How to conduct Direct Observations?

What are direct observations? #

Direct observations is a user research method where you collect data about how your users interact with your product. You simply take notes while you observe their behavior in their natural setting without interfering.

The observations can be overt (direct observations) where the users know that they are being observed for example when you watch interactions, processes, or behaviors as they occur when watching a medical doctor. Or covert (indirect observations) the users don’t know they are being observed, and you are concealed, for example when you watch the results of interactions, processes, or behaviors of people shopping in a supermarket.  

You will get the best results via covert observations because the users are more likely to behave naturally if they do not know they are being observed, but because of ethical challenges overt are more common.    

Field Research Study Methods-UX

When is direct observation research most useful? #

Direct observations are most useful in the explore phase of your user-centered design project because you will be able to validate the prototypes of your upcoming design or feature through usability tests. To avoid affecting the users and creating bias in the results you should not interfere in any way during the sessions, neither asking questions nor directing them. 

If you want to understand the sequence of a real-life task conduct field research observations in the discovery phase. If you are looking to launch a new product or feature conduct online usability tests in a lab. You will get the best results by combining the observations with traditional interviews at the end of the sessions. 

Use the direct observation method when you:

  1. want to understand an ongoing process or situation.
  2. need to gather data on individual behaviors or interactions between people.
  3. need to know about a physical setting such as an event or activity.
  4. when data collection from individuals such as questionnaires or interviews is not a realistic option.

As User Researchers, we are mostly interested in people’s behavior so observing is the most important method because it provides us with the most accurate information about people, their tasks, and their needs.

What kind of direct observation methods can I choose from? #

Conduct direct observations

  1. Usability testing
    Usability testing involves both observing and listening to participants as they attempt to complete tasks with a user interface. Participants may think aloud, and you can ask questions to better understand what they’re thinking and doing, but the primary value is in observing their actions.
  2. Contextual Inquiry Contextual inquiry means observing people in their natural environment, as they demonstrate their typical tasks. Research participants lead their own session, explaining what they are doing, but the primary value is in observing the details of the ways they normally perform their tasks.
  3. Naturalistic Observation
    In naturalistic observation, the researcher attempts to observe one or more people unobtrusively, without interacting with them. 
  4. Shadowing
    In shadowing, the researcher follows participants around as they perform their daily activities. The researcher may simply observe, without interacting with the participant, or a session may be more interactive, with participants talking about what they are doing and the researcher asking questions, similar to a contextual inquiry. The goal and primary value of this technique is to observe people’s natural activities.
  5. Participant Observation Participant observation is a traditional ethnographic method in which the researcher joins a group and participates in their activities. The researcher observes and interacts with group members while performing the same activities. For example, a researcher might become a call-center operator for a few days, with the goal of better understanding such operators’ work and experiences.

What are the pros vs cons of a direct observation study?
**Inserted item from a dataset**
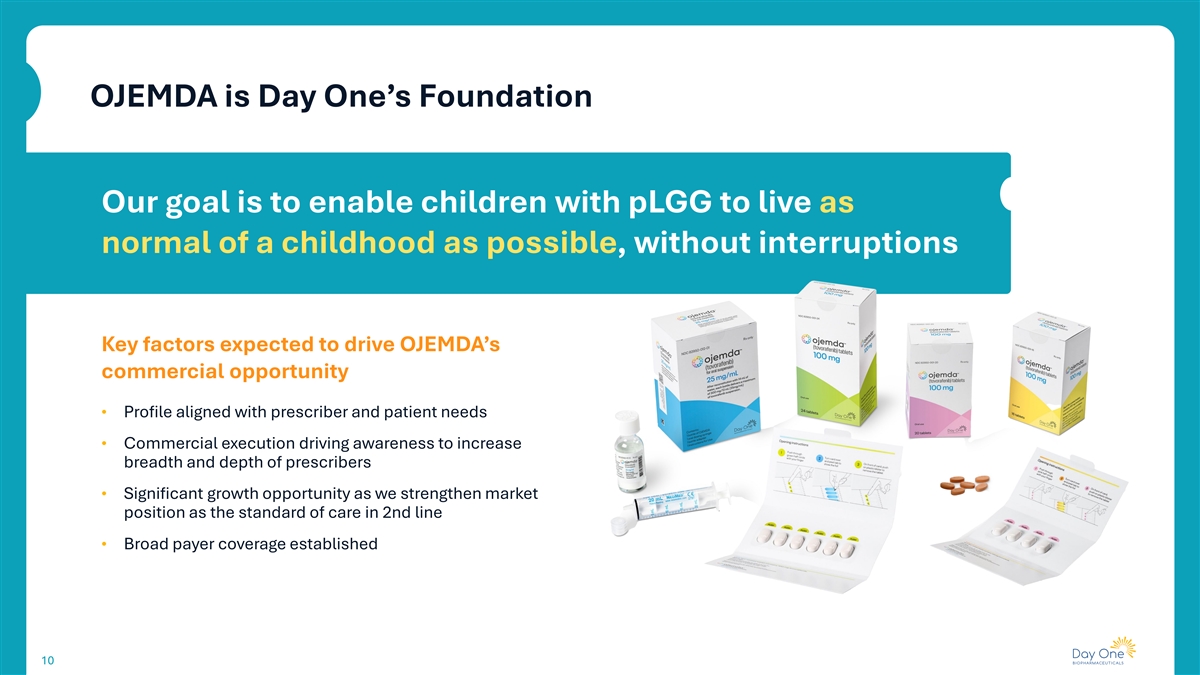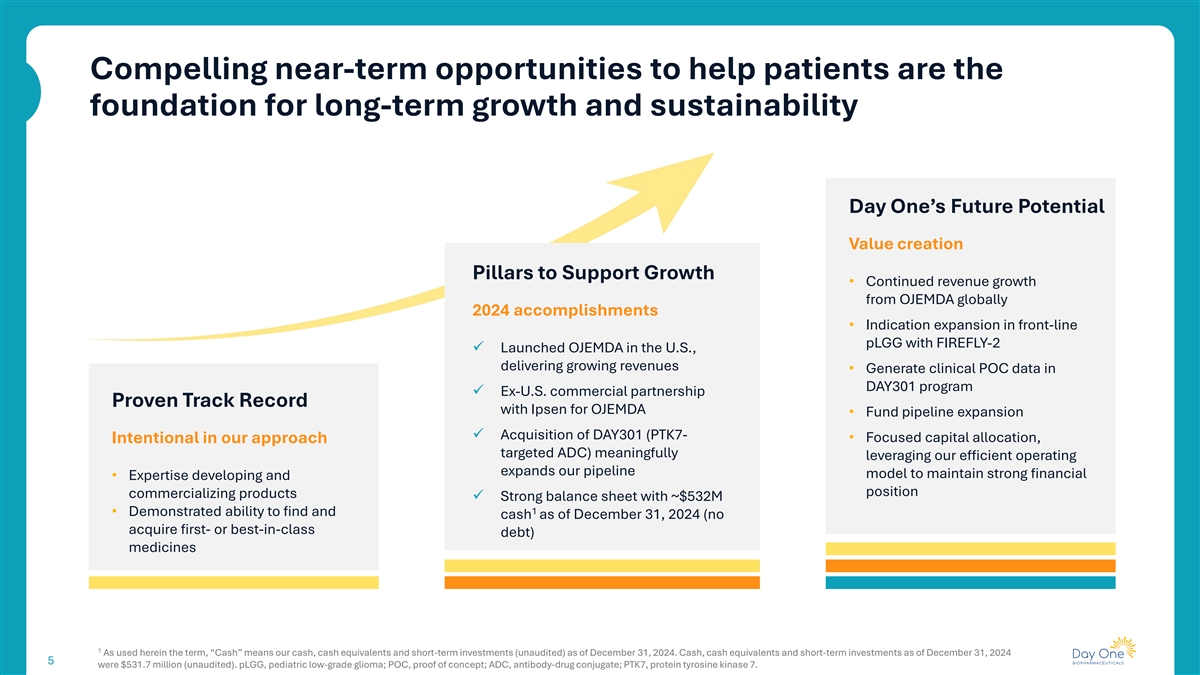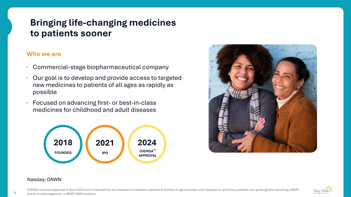 Bringing life-changing medicines to patients sooner Who we are • Commercial-stage biopharmaceutical company • Our goal is to develop and provide access to targeted new medicines to patients of all ages as rapidly as possible • Focused on advancing first- or best-in-class medicines for childhood and adult diseases 2018 2024 2021 TM OJEMDA FOUNDED IPO APPROVAL Nasdaq: DAWN OJEMDA received approval in April 2024 and is indicated for the treatment of pediatric patients 6 months of age and older with relapsed or refractory pediatric low-grade glioma harboring a BRAF 4 fusion or rearrangement, or BRAF V600 mutation.

  • You get to collect data where and when an event or activity is actually occurring
  • You don’t need to rely on people’s willingness or ability to provide information and availability. 
  • You get to directly see what users do rather than relying on what they say they did.


  • Bias
  • Time-consuming and costly.
  • Users are not behaving naturally when they know they are being directly observed. 
  • You can’t collect data and understand around why people behave as they do. 

What should I observe? #

Observation involves carefully looking, listening, and thinking about what you’re seeing and hearing, so you can pick out significant details. Based on your planning, you might focus on the following elements:

  • user characteristics
  • tasks and the individual steps involved
  • workflows between people
  • interactions between people
  • interruptions
  • tools, technology, and other artifacts that participants use
  • sources of information
  • problems participants encounter
  • environmental factors such as layout, traffic patterns, where people congregate, temperature, noise levels, and lighting

You can use the AEIOU framework by Rick Robinson, Ilya Prokopoff, John Cain, and Julie Pokorn:

  • activities—goal-directed actions, activities, and processes
  • environments—personal or shared workspaces or common areas
  • interactions—between people and objects
  • objects—things people have in their environment and use in their activities
  • users—the people you’re observing

direct observation AEIOU framework

What are the steps to conducting a direct observation study? #

Field Research Study Steps-UX Research
  1. Define the subject and the purpose of your study. What are you and your team trying to discover by conducting a field study?
  2. Define your hypothesis.
  3. Choose the right research method, a mix of surveys, interviews, case studies, and observation.
  4. Identify a research site and visit it.
  5. Write the research plan.
  6. Start collecting data by observing the user’s interaction with the context.  
    – try to be objective
    – take notes
    – record sessions
    – take pictures
  7. Analyze the data.
  8. Present and share the findings with your team.